Master student at ShanghaiTech ViSeer Lab

Publications

HypoChainer: A Collaborative System Combining LLMs and Knowledge Graphs for Hypothesis-Driven Scientific Discovery

Published in IEEE VIS, 2025

Modern scientific discovery faces growing challenges in integrating vast and heterogeneous knowledge critical to breakthroughs in biomedicine and drug development. Traditional hypothesis-driven research, though effective, is constrained by human cognitive limits, the complexity of biological systems, and the high cost of trial-and-error experimentation. Deep learning models, especially graph neural networks (GNNs), have accelerated prediction generation, but the sheer volume of outputs makes manual selection for validation unscalable. Large language models (LLMs) offer promise in filtering and hypothesis generation, yet suffer from hallucinations and lack grounding in structured knowledge, limiting their reliability. To address these issues, we propose HypoChainer, a collaborative visualization framework that integrates human expertise, LLM-driven reasoning, and knowledge graphs (KGs) to enhance hypothesis generation and validation. HypoChainer operates in three stages: First, exploration and contextualization – experts use retrieval-augmented LLMs (RAGs) and dimensionality reduction to navigate large-scale GNN predictions, assisted by interactive explanations.

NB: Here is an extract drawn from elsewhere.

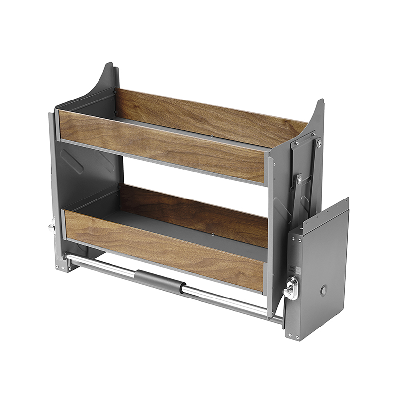 Open the cabinet door. Grasp the lower handle and pull gently - the air - pressure system lowers the basket smoothly (max load 15kg, distribute weight evenly). Push upward to reinsert securely into the cabinet. Clean the metal frame with a dry cloth and the wood shelves with a slightly damp cloth.

Second, hypothesis chain formation – experts iteratively examine KG relationships around predictions and semantically linked entities, refining hypotheses with LLM and KG suggestions. Third, validation prioritization – refined hypotheses are filtered based on KG-supported evidence to identify high-priority candidates for experimentation, with visual analytics further strengthening weak links in reasoning. We demonstrate HypoChainers effectiveness through case studies in two domains and expert interviews, highlighting its potential to support interpretable, scalable, and knowledge-grounded scientific discovery.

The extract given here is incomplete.